The biggest problem of today's literary world is its moral and intellectual bankruptcy.
COWARDICE
I can give multiple examples of intellectual and moral cowardice, beginning with the Bennington Summer Writers Conference of 1995 when Liam Rector publicly destroyed copies of an anti-corruption issue of my zeen in full view of many of the biggest names in the lit-biz. None of the sterling figures present said or did anything. (Two of them, along with a student who was there, privately informed me about the incident.)
Another example was in 2000/2001, when NOT ONE of 300 prominent literary names the ULA sent its Moody Protest to would sign it, though many agreed with it privately, as documented by the N.Y. Post.
I encountered more moral and intellectual cowardice from lit-bloggers in 2005 over the matter of plagiarism in Harper's mag-- a matter eventually resolved by the magazine with an essay from much-awarded lit-stooge Jonathan Lethem defining the word plagiarism out of existence. (Esteemed members of the intellectual community were okay with this.)

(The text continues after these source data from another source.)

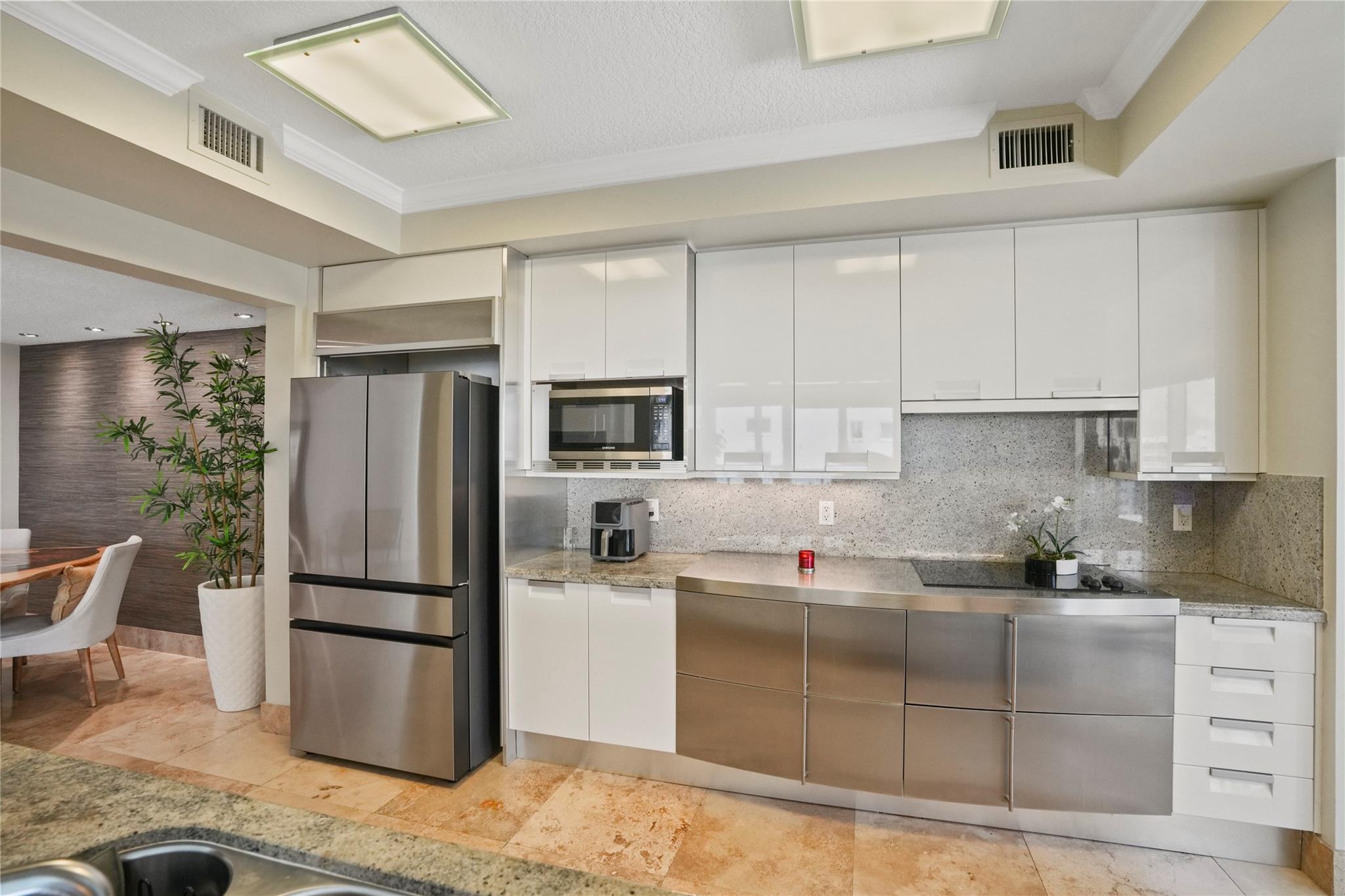 2 PARKING SPACES. PET FRIENDLY. Contemporary-chic corner unit at La Rive, fully furnished and unfurnished for your convenience. Floor-to-ceiling windows and partial Intracoastal views. The spacious wraparound terrace offers west and east exposure, perfect for enjoying morning coffee or sunset cocktails. Modern kitchen with high-gloss cabinetry, Dacor appliances, and double ovens. Main suite features private balcony, 2 walk-in closets, and a spa-style bath with large jacuzzi tub. Two guest rooms with en-suite baths provide comfort and privacy. Boutique building offers 24/7 security, semi-private elevator, garage parking, renovated pool deck, gym, steam room, sauna, BBQ area, and more. Just a short walk to Fort Lauderdale’s quiet beach, restaurants, and Bonnet Gardens.
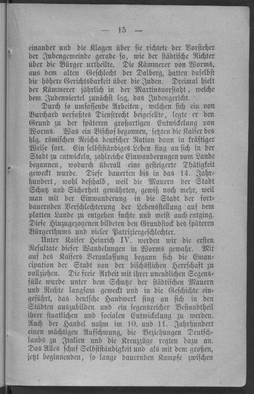 Kurzer Ueberblick der Geschichte der Stadt Worms bis auf unsere Tage
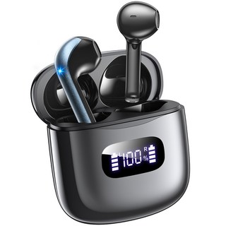 YINTEE 무선 블루투스 이어폰 커널형 ENC 노이즈 캔슬링 고음질 C타입 LED 이어폰, 블랙-T9
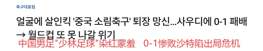 - 韓媒大面積群嘲國足:殺人飛腿、少林足球、蒙羞退場、世界杯夢碎
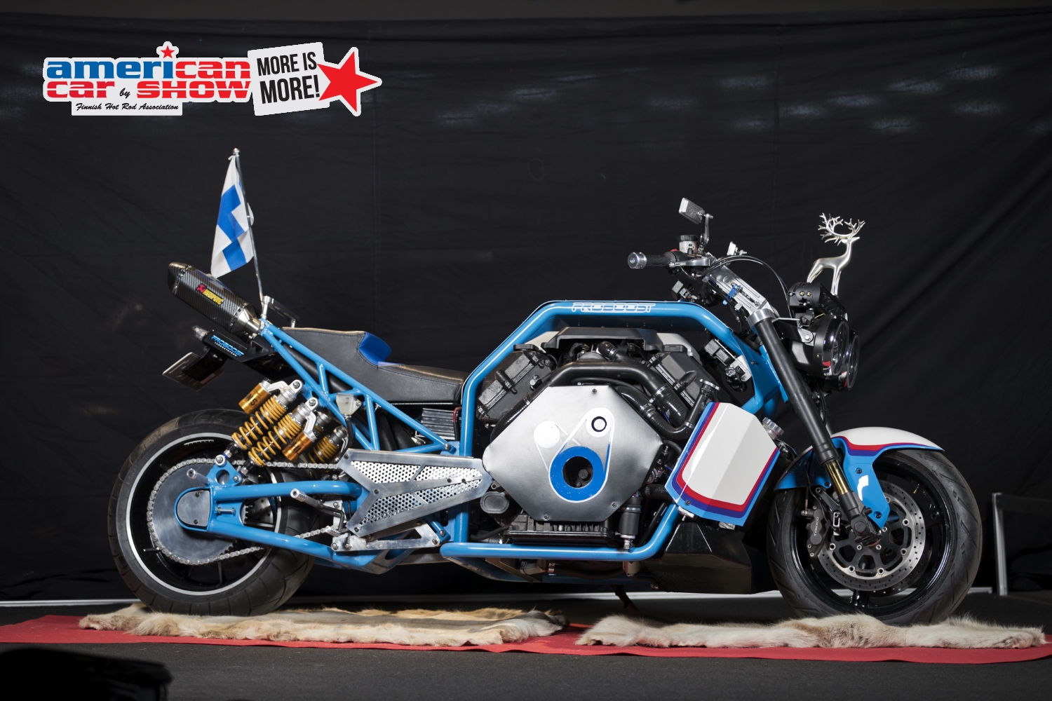 American Car Show’ssa löytyy tämän kotimaisen käsityön taidonnäytteen lisäksi liuta amerikkalaisvalmisteisia V8-moottorisia Cannon- ja Boss Hoss-moottoripyöriä.
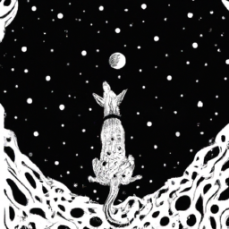 una vecchia signora aveva un cane sulla luna. Ogni notte, quando andava a letto, si sdraiava sul fianco del suo cane e gli diceva: "Ti amo, cane sulla luna". Alla fine della sua vita, la vecchia signora morì e il cane sulla luna continuò a vivere nella sua casa.
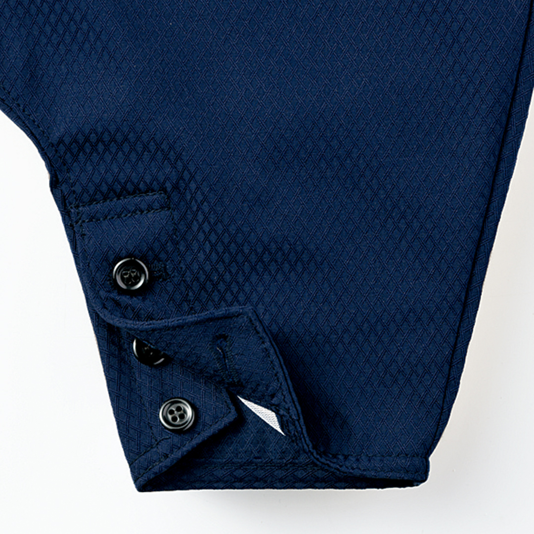 耐久性、イージーケア性にすぐれたポリエステルに、吸汗性や肌ざわりのいい綿をプラスした綿混紡素材。

Harper's Editor Roger D. Hodge, an icon of corruption, last month came out publicly in favor of Machiavellian lying, and again, not a whisper of disagreement from literary jellyfish.
COMPASS
As big a problem is that established literary writers have no moral compass, and so are able to lie and cheat at will-- and always able to rationalize it.
WEAKNESS
Even the underground showed weakness when the ULA lost five members early in 2007, at a time when I was pushing hard on two separate fronts. Those same two matters are in front of us again. How many undergrounders now are willing to rejoin the battle?